## Data below
-----

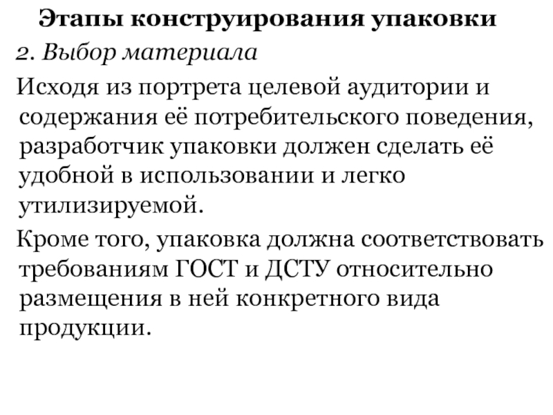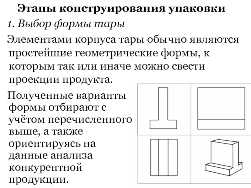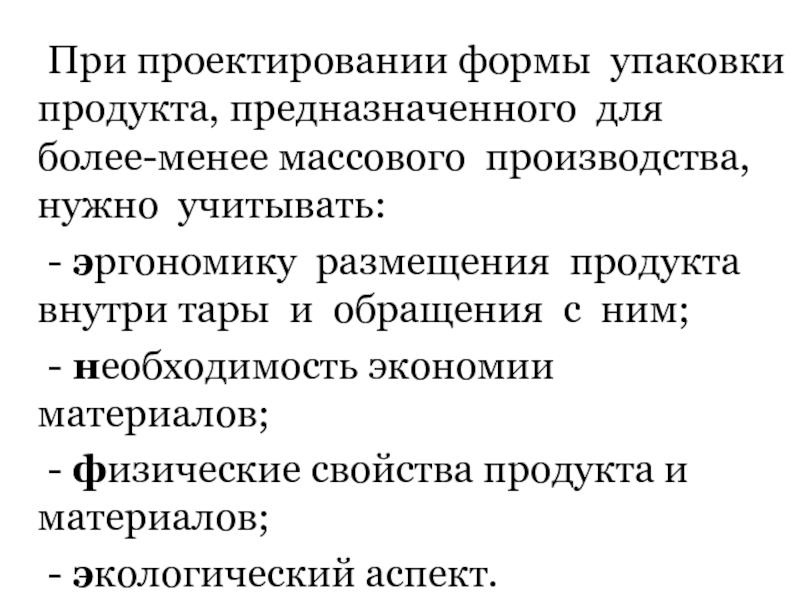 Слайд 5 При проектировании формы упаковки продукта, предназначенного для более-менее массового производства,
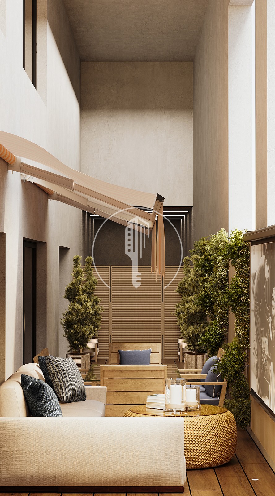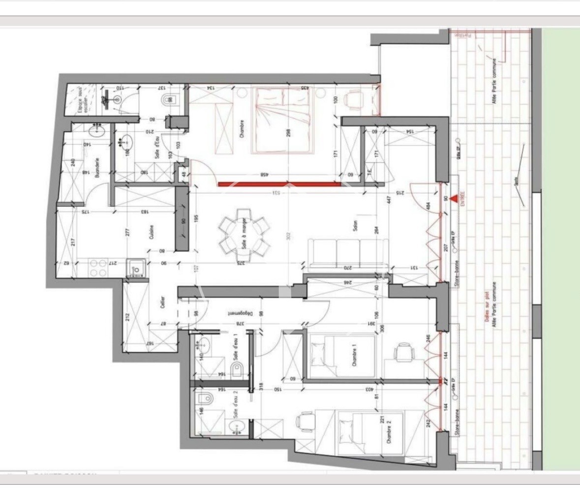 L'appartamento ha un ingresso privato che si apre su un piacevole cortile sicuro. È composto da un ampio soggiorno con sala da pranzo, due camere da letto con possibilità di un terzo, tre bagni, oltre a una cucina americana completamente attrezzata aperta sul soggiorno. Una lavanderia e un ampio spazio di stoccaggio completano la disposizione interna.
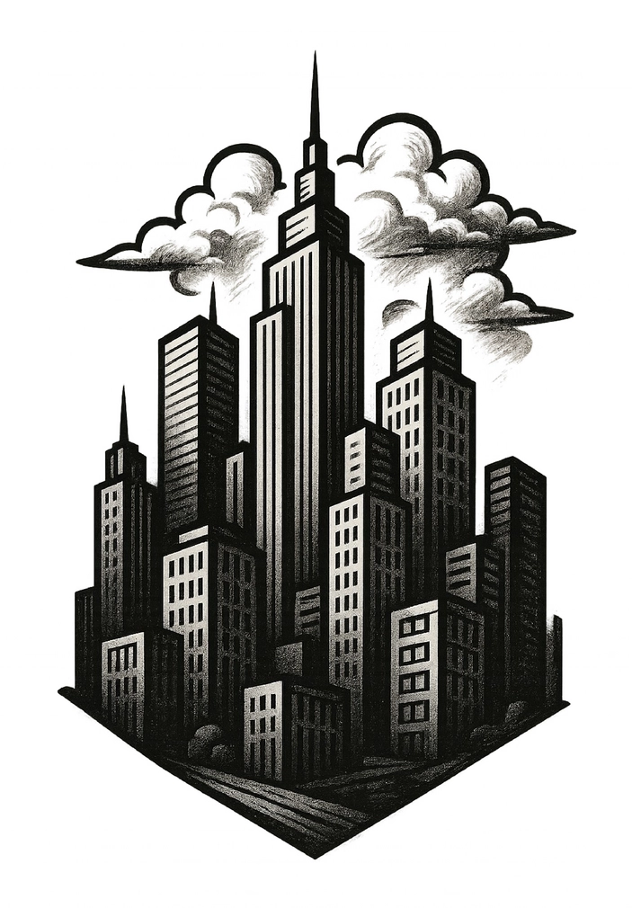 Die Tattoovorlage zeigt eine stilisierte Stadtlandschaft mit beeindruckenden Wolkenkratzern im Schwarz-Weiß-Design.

-----

## Exercise details
Down to the last line, reproduce the material above exactly; skip its images.

## Expected answer
 Слайд 5 При проектировании формы упаковки продукта, предназначенного для более-менее массового производства,
 L'appartamento ha un ingresso privato che si apre su un piacevole cortile sicuro. È composto da un ampio soggiorno con sala da pranzo, due camere da letto con possibilità di un terzo, tre bagni, oltre a una cucina americana completamente attrezzata aperta sul soggiorno. Una lavanderia e un ampio spazio di stoccaggio completano la disposizione interna.
 Die Tattoovorlage zeigt eine stilisierte Stadtlandschaft mit beeindruckenden Wolkenkratzern im Schwarz-Weiß-Design.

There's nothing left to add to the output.